[Data provided]
■ ■ ■ ■ ■ ■ ■

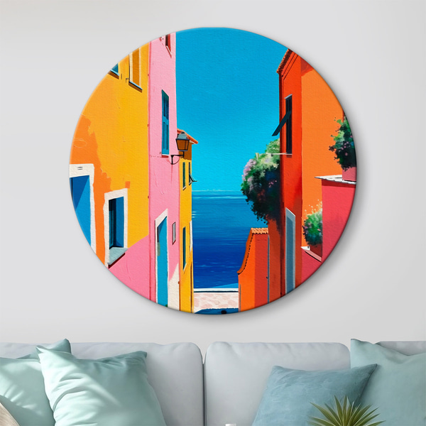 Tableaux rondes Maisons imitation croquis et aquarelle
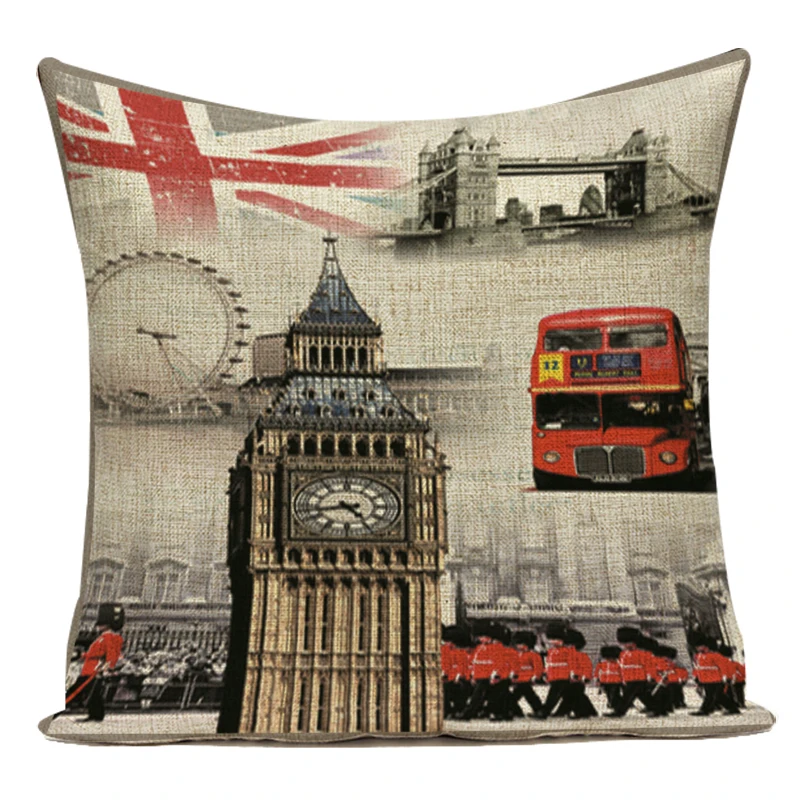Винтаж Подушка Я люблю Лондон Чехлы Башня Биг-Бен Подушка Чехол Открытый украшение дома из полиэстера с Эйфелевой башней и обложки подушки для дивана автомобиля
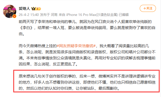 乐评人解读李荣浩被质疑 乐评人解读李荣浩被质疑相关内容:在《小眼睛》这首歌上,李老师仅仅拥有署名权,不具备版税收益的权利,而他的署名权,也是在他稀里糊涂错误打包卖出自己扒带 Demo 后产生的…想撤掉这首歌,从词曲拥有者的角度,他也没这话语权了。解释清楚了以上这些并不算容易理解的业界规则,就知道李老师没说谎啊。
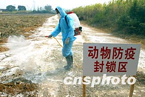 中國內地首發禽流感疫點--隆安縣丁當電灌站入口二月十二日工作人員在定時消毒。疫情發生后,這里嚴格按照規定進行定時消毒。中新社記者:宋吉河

■ ■ ■ ■ ■ ■ ■

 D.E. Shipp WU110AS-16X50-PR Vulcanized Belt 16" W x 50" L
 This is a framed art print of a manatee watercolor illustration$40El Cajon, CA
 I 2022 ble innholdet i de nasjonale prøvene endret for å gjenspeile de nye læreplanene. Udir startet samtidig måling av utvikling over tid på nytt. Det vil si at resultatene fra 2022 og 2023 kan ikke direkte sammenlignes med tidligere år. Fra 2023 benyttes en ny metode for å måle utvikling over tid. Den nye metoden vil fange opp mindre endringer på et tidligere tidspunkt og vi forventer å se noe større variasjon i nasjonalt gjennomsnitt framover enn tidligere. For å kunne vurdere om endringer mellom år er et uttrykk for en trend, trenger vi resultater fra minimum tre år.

■ ■ ■ ■ ■ ■ ■

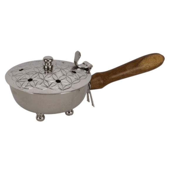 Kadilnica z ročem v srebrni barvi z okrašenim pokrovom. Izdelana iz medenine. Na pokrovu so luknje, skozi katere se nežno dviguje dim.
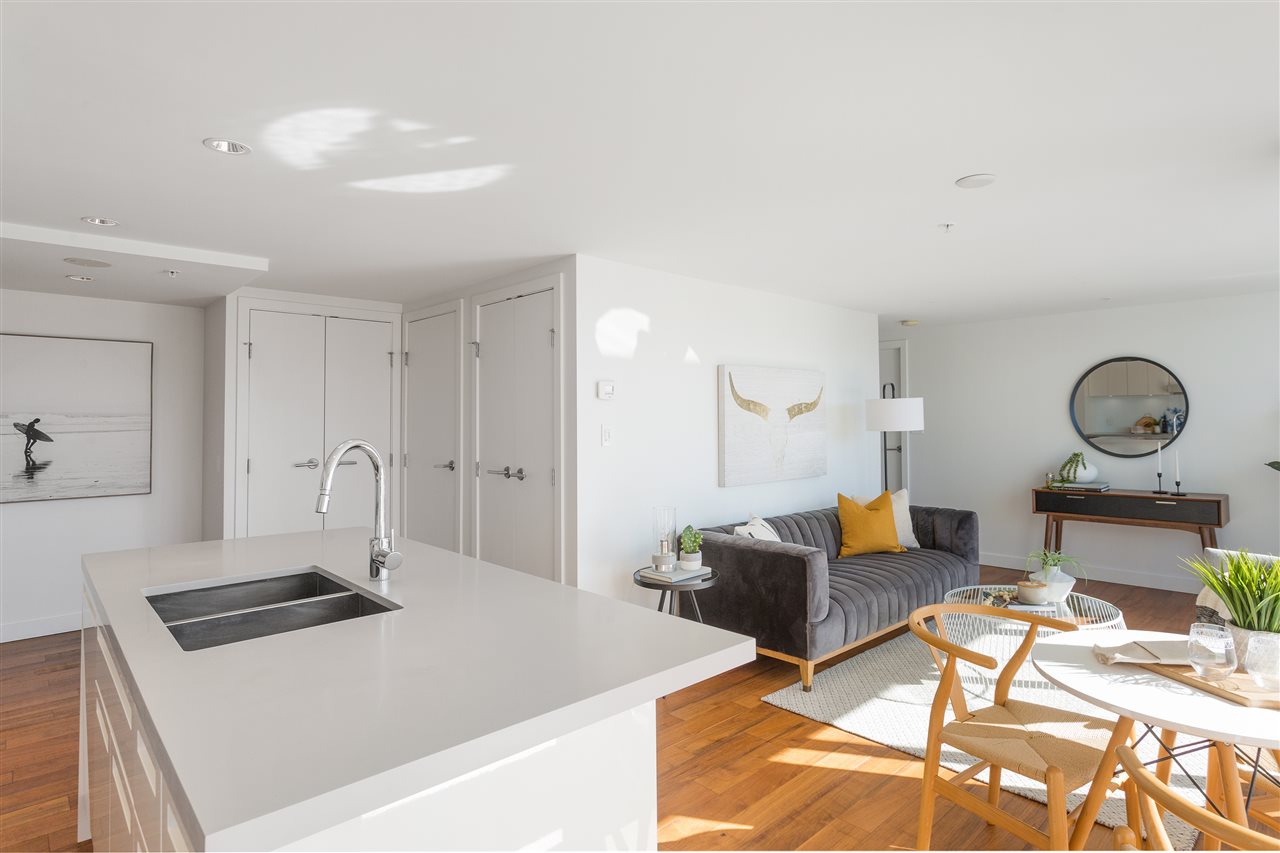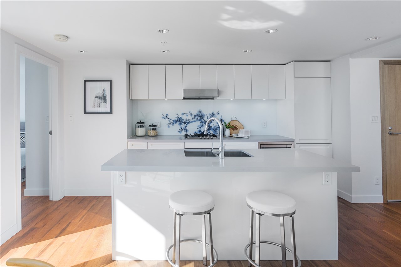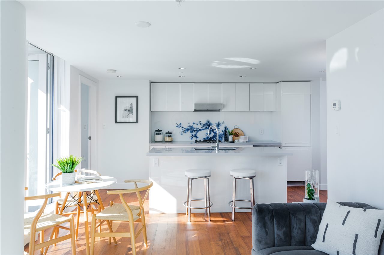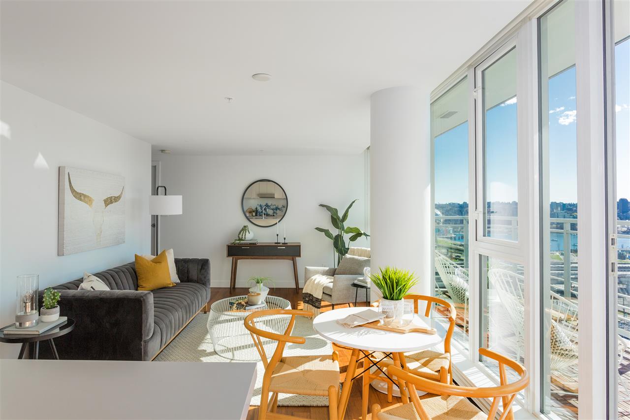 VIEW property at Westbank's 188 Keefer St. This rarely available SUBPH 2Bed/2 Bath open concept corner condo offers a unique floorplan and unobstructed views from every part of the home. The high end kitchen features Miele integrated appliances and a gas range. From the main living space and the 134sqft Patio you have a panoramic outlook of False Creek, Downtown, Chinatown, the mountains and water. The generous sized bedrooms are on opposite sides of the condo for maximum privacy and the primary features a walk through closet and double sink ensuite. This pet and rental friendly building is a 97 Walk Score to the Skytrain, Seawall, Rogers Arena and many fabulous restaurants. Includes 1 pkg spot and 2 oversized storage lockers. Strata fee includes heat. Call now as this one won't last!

■ ■ ■ ■ ■ ■ ■

[Description of the task] Give again, exactly as written above, every line from the one holding "Tableaux rondes Maisons" to the one holding "中國內地首發禽流感疫點--隆", with both ends kept and the pictures left out.

[Answer section]
 Tableaux rondes Maisons imitation croquis et aquarelle
Винтаж Подушка Я люблю Лондон Чехлы Башня Биг-Бен Подушка Чехол Открытый украшение дома из полиэстера с Эйфелевой башней и обложки подушки для дивана автомобиля
 乐评人解读李荣浩被质疑 乐评人解读李荣浩被质疑相关内容:在《小眼睛》这首歌上,李老师仅仅拥有署名权,不具备版税收益的权利,而他的署名权,也是在他稀里糊涂错误打包卖出自己扒带 Demo 后产生的…想撤掉这首歌,从词曲拥有者的角度,他也没这话语权了。解释清楚了以上这些并不算容易理解的业界规则,就知道李老师没说谎啊。
 中國內地首發禽流感疫點--隆安縣丁當電灌站入口二月十二日工作人員在定時消毒。疫情發生后,這里嚴格按照規定進行定時消毒。中新社記者:宋吉河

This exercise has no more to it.